How Probiotics Prevent Tooth Decay: The case of Lactobacillus paracasei

Tamara Scepano
4 min readSep 30, 2020


Our mouths are home to over 700 types of bacterial species. Although bacteria are often described as dangerous, most of the bacteria found in our mouths are beneficial as they help remove harmful pathogens and aid in metabolizing nutrients. The microbiota, which is the collection of all bacteria and living cells in one area, is comprised of many dynamic relationships which help regulate the metabolic, hormonal and immunological responses of the host. A change in the natural microbiota could cause an imbalance to the hosts’ systems leading to tissue damage and disease. Due to the importance of maintaining a healthy microbiota, researchers have found that adding trace amounts of “mediator bacteria” can help regulate the microbiota. These “mediator bacteria” are called probiotics.

By definition, a probiotic is any living microorganism which causes a health benefit to the host. Although the mechanisms behind each probiotic differs, the overall goal of all probiotics is to regulate and maintain a healthy balance of bacteria in the body. The Lactobacillus probiotics help maintain a healthy oral cavity by out-competing pathogenic bacteria, meaning they take over the space, nutrients and other resources that the pathogenic bacteria would otherwise need for survival. Studies have shown that when increased amounts of Lactobacillus were present in the mouth, the growth of certain pathogenic bacteria was reduced. These findings hinted at a relationship between Lactobacillus and the development of tooth decay. However, the question then became which type of Lactobacillus is responsible for the prevention of tooth decay and how?

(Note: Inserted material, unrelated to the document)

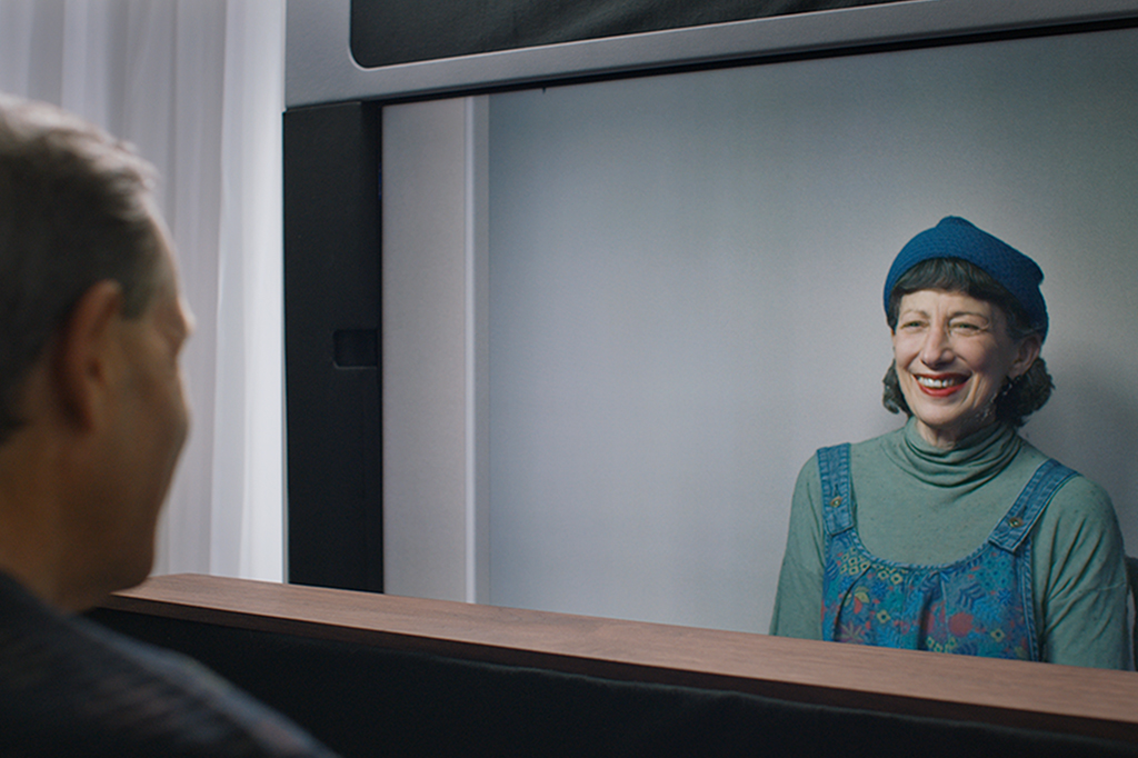 Ou seja, é um sistema de videoconferência extremamente sofisticado. A tela tem 65 polegadas, resolução 8K e uma tecnologia chamada light field display, que a torna capaz de exibir várias imagens ao mesmo tempo (é uma versão muito mais avançada da técnica usada na tela do console Nintendo 3DS). Conforme você se mexe na frente da tela, vê ângulos ligeiramente diferentes do rosto da outra pessoa – e é isso que dá a sensação de holograma.

Recently, there has been a lot of speculation regarding the probiotic Lactobacillus paracasei and its ability to prevent tooth decay. L. paracasei is of particular interest as it has very few side effects, namely bloating and intestinal gas, and is commonly used in the fermentation process of many dairy products such as cheeses and yogurts, making it readily available for consumer.

Probiotics like L. paracasei can be found in many dairy products. Photo credits

Tooth decay, better known as caries, is caused by many factors, making it multifactorial, but its primarily cause is frequent sugar consumption. Some bacteria, such as the Streptococcus mutans, cause caries by metabolizing sugars and producing acid as a by-product. The acid demineralizes the tooth’s enamel, stripping it of its minerals, leading to the formation of caries. Thus, by controlling the presence of these bacteria, caries can be suppressed.

Teanpaisan et. al., looked at how L. paracasei impacted the presence of caries. The researchers had participants split into two groups, one of which was given a probiotic and the other a placebo. Both groups drank powdered milk either with a placebo or with the L. paracasei probiotic once a day for six months. Oral exams were done before the study, after six months and after 12 months to assess the long-term effects of the L. paracasei on the microbiota and the presence of caries. The researchers found that the probiotic group had fewer S. mutans in their oral microbiota and in turn fewer caries than the placebo group. Teanpaisan et al. believes that the antibacterial properties of L. paracasei prevented the S. mutans from adhering to teeth making them incapable of sticking around in the microbiota. Interestingly, they found that the number of S. mutans was lowest at the 12-month mark — 6 months after the probiotic group stopped drinking the powdered milk. The researchers believed that this is because it takes some time for the L. paracasei to fully colonized the microbiota. However, once colonized, the L. paracasei can multiply and survive for a long time in the mouth as it is the ideal environment, both in temperature and pH, for the species. Other studies have mimicked these results and claimed that daily consumption of the probiotic is needed in order for the bacteria to be properly introduced into the microbiota. Therefore, in order to gain the full caries-preventing benefits of L. paracasei, long-term and frequent use of the probiotic must be used.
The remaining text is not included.